Even more in­ter­est­ing is how the film shows that a lot of peo­ple are will­ing to risk their lives for a bank, like in a tense and skill­ful­ly di­rect­ed rob­bery scene that takes place lat­er on. It is hard not to scratch our heads in dis­be­lief at so many un­nec­es­sary deaths, with peo­ple fight­ing hard to pro­tect an in­sti­tu­tion that has so much mon­ey that a mere heist wouldn’t cause any dam­age to it. The truth is, when some­one rais­es hell and dis­rupts the “nat­ur­al” bal­ance ex­pect­ed in so­ci­ety, there are al­ways those who will step up for what is “right.” Hell or High Wa­ter ex­pos­es this co­nun­drum and ques­tions the very con­cepts of “right” and “wrong,” lead­ing us to an amaz­ing stand­off be­tween the right­eous and the un­der­dog in the end.
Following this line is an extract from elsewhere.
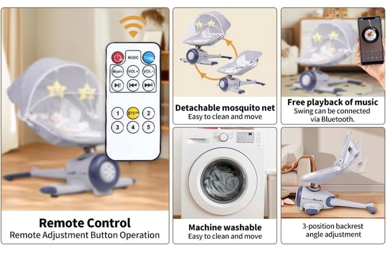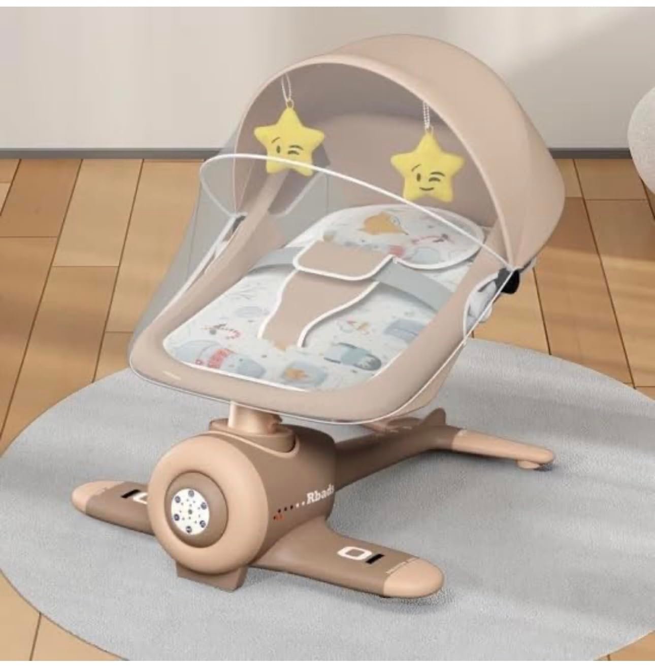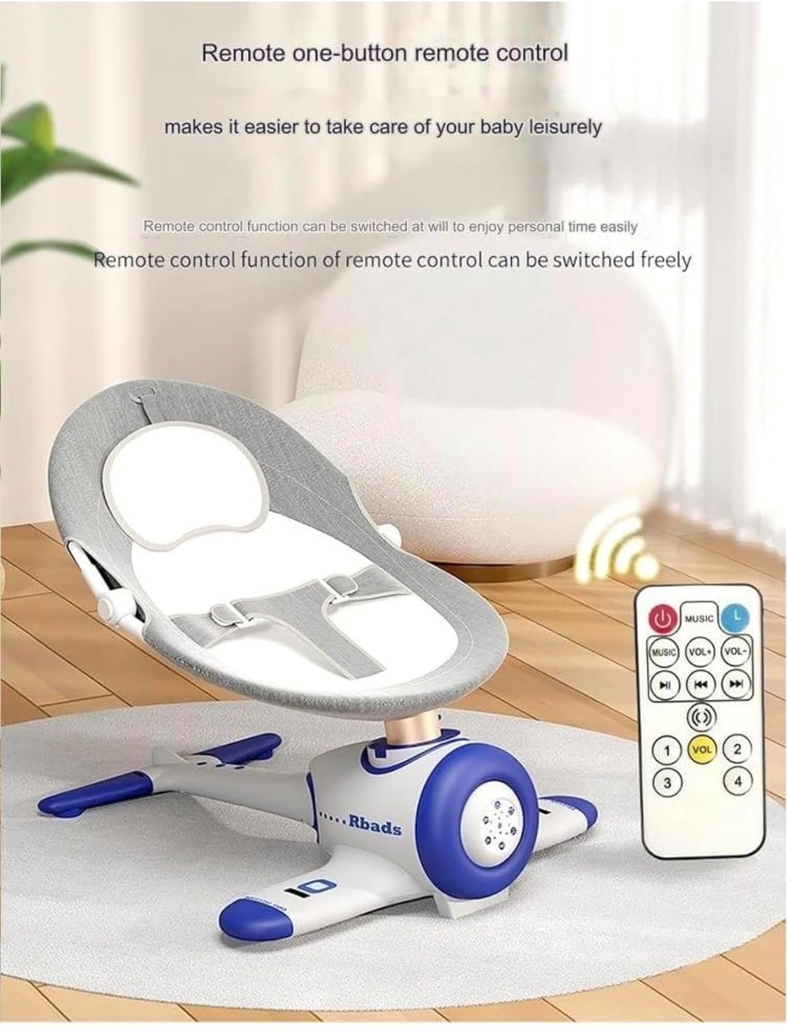 - [ Perfect Accessories & Bluetooth Music Player ] – 1 x Baby Rocking Chair ,1 x Mosquito Net ,, 2 x Plaything , 1 x Headrest , 1 x USB + Adapter, This baby rocker for infants has preset lullabies. It also allows you to play your baby’s favorite soothing songs or nursery rhymes from your phone, offering peaceful or joyful moments for your little one.

With a su­perb sound de­sign and a lot of adren­a­line in the car chase scenes, Macken­zie cre­ates a thrilling film that sur­pris­es us with an un­der­ly­ing touch of sad­ness — and Giles Nuttgens’ cin­e­matog­ra­phy, which ex­plores the dusty dry­ness of the desert, and the melan­choly mu­sic by Nick Cave and War­ren El­lis re­al­ly add to that. For no mat­ter how ex­hil­a­rat­ing or fun­ny Hell or High Wa­ter is, the fact is that this is a trag­ic tale of men try­ing to sur­vive an un­fair cap­i­tal­ist sys­tem and an ugly cy­cle of pover­ty that runs in their fam­i­ly from gen­er­a­tion to gen­er­a­tion like a dis­ease. And for that rea­son, it stands out as a great en­try in the genre.